Note, the information listed here mainly comes from RIP-felix's video on the subject and thus is only a single viewpoint. This by definition does not make it neutral. However due to the specificality of this subject other viewpoints that do not align with this one and have actual evidence seem to be few and far inbetween. At least from what I can see. It should also be noted that this is just a theory, we do not have the equipment to actually prove it with certainty

Back around 2006, Sony and Nvidia decided to use the 90nm process for their next generation console's GPU and CPU. However, this 90nm process came with issues in the enitre design and manufacturing phase. These issues all correlated around increasingly hotter chips being created as a consequence of the increase in relevant transistor density. This was one of the inevitibilities that lead to these BGA/Bump failures being so apparant.

This issue impacted all corporations that manufactured 90nm and smaller processors, that being said, some planned for this better than others. Nvidia and ATI, the manfacturers of the PS3 and Xbox 360 GPUs respectively had a lack of foresight in the design process and a true lack of planning which ultimately lead to them producing chips that were defective

Timeline of BumpGate, I made this diagram

The reason for this issue is very complex and multilayered. The most likely theory we have at the moment relates to Bumpgate. Bumpgate was a period when Nvidia produced 90nm chipsets that were defective, this period took place roughly between 2006 and 2008. The reason for these defects is as I said, very complex and multilayered.
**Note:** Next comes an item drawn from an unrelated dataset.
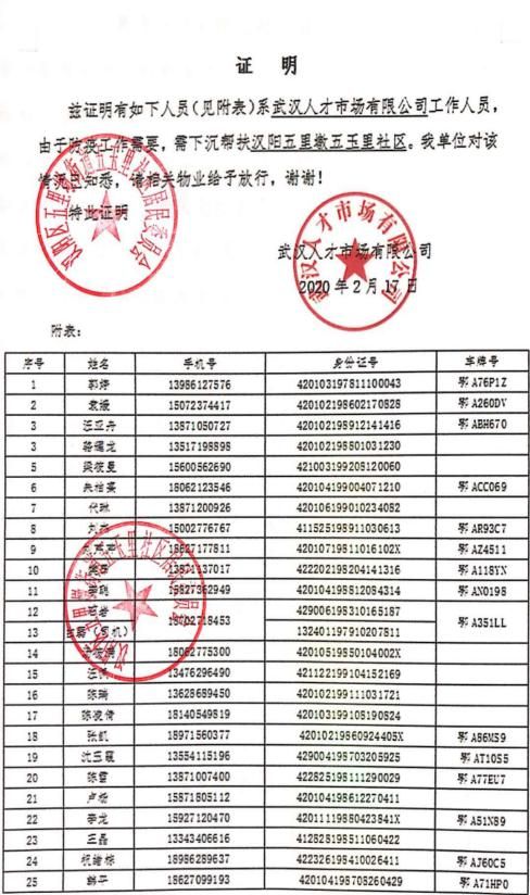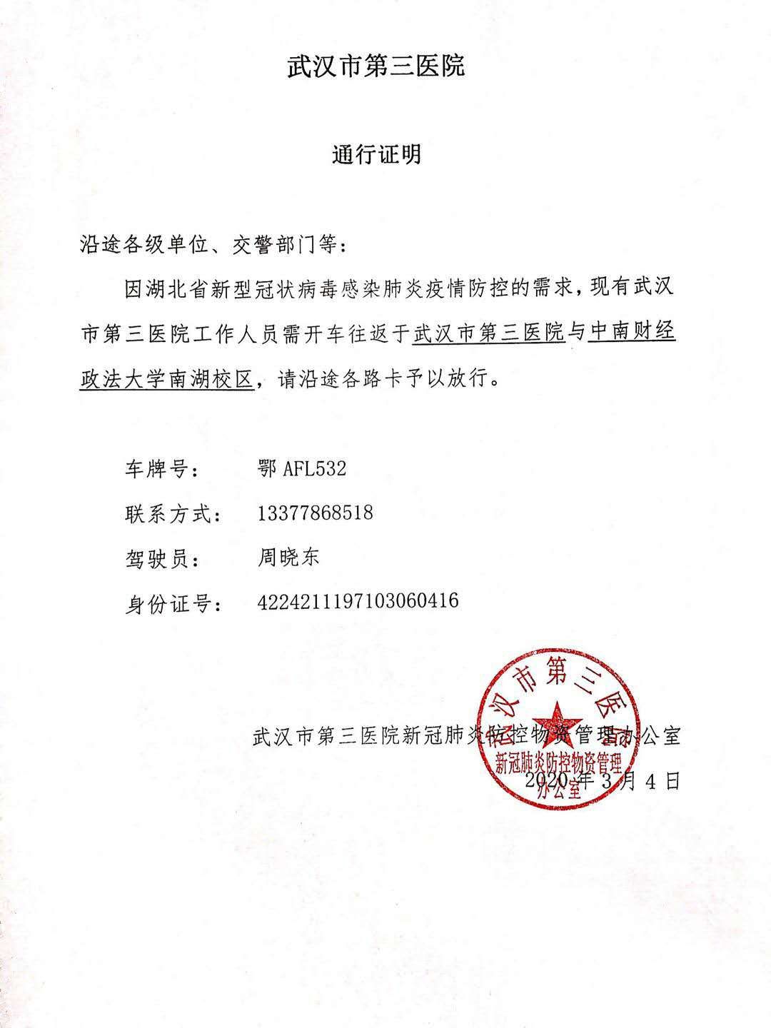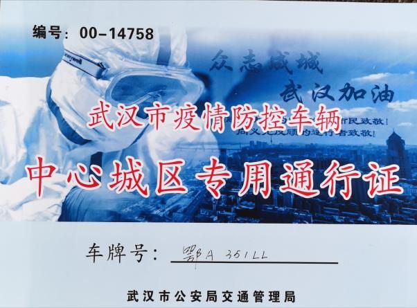 同样,因为交通管制的原因,下沉人员的用车情况也紧张异常。从爱人那里得知此消息后,我告诉她,我们的车子有玛丽亚妇产医院提供的证明材料,可以正常通行,而且我们的车子是辆七座的车,一次性运载更多的人或防疫物品,可以为下沉人员提供用车。在爱人向单位说明情况后,爱人的单位考虑到我家有两个小孩,两位老人,其中岳母一直在医院坚守岗位,我本人负责接送,为了最大限度保证下沉人员的防护安全,就尽量在石岩排班下沉社区时我出车接送,必要时拉载一下消毒防疫物品。武汉人才将我的车辆向武汉市公安局车辆管理局进行了备案,并按要求为我的车辆办理了“武汉市疫情防控车辆中心城区专用通行证”。

The first reason is due to a property that affects all matter, it expands when heated and contracts when cooled. The rate that it expands and contracts is known as the Coefficent of Thermal Expansion or CTE for short. The problem with the RSX is that the underfill that is put inplace between the BGA and the Bumps has a different CTE to the interposer and the die respectively. This means they expand at different rates which puts thermomechanical strain on the solder balls/bumps that connect the interposer to the motherboard and the die to the interposer.

The second reason is that the silicon die does not heat up completely evenly, there are hotspots on the die in places with a higher transistor density and a higher electrical current passing through them (For example, the SPEs on the CELL-BE would heat up much quicker than the EIB). This means that the balls around these hotspots expand and contract much more than balls at cooler points in the chip, such as the edges. This means that these specific balls are much more likely to fail first.
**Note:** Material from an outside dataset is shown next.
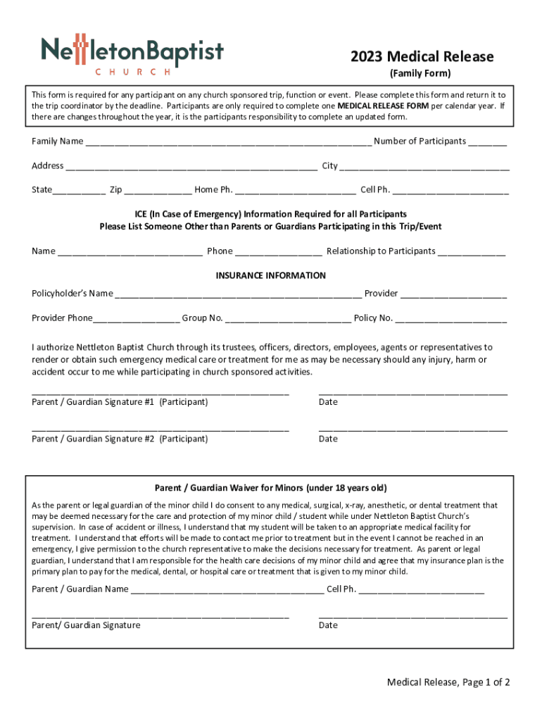 2023 Medical Release (Family Form) This form is required for any participant on any church sponsored trip, function or event. Please complete this form and return it to the trip coordinator by the

The thrid reason is due to the consequences of a phenomenon known as electromigration. Electromigration is where the atoms (specifically ions) that make up a material move due to an electric current. Electromigration causes voids in the solder bumps between the die and the interposer which makes them more fragile and prone to crack. This effect becomes more pronounced as more solder bumps fail, as they fail the electrical load is distributed to less bumps then before which increases the electrical load each bump must carry, this increases the electromigration of each bump which speeds up its death.

The fourth reason is due to the choice of solder that is used for the bumps. Nvidia decided to pick a high lead solder for the reason that high lead solder can carry more current. However, the pads that connect these bumps to the die and interposer are eutectic. Eutectic solder is solder that has the same melting and crystilisation temperature. This means during manufacturing the joint crystallizes much quicker which produces a stronger and much longer lasting joint due to the crystals in it being shorter as they have less time to grow. Anyway, the point is that high lead solder and eucetic pads do not make as good a solder joint as eucetic solder and eucetic pads.

The fifth reason refers to the undefill that Nvidia chose to use. Underfill needs to be used on this chip as high lead bumps are brittle which means they fragment instead of flex and bend and thus need to have extra reinforcement. The underfill cannot be too hard or it will cause delamination of the die due to flexing of the polyaminide stress layer between the Bumps and the die and it cannot be to soft or it will obviously cause the bumps to crack. The underfill that Nvidia chose to use has too low of a glass transition temperature (Tg). At this point the underfill goes from being stiff like glass to a rubbery, pasty mess that offers near to no support. The Tg of the underfill that Nvidia decided to use was very low, specifically it was around 70-85 degrees. This combined with Sony's extreme fan curve means that this temperature can and almost certainly will be reached when playing intensive games. Once the BGA and Bumps reach the Tg temperature of the underfill they are at the full mercy of the difference in CTE and just normal thermal strain.

To sum it up. The high lead alloy that was used for the solder is brittle and thus a high Tg underfill is needed. Nvidia did not have access to many high Tg underfills at the time and they picked an underfill with a low Tg. This low Tg did not give the solder balls the reinforcement they needed under regular gaming conditions which lead to them expanding and contracting at abnormal rates due to the interposer and underfill having a different CTE. This caused them to crack which spread the electrical load onto more balls which due to electromigration caused voids to form in those balls and thus cause them to crack faster. Setting off a chain reaction that inevitably lead to the chip not having enough connectors to fuction, which lead to the SYSCON checking it and not letting it pass which leads to the YLOD

What is the solution to the BGA/Bump failure?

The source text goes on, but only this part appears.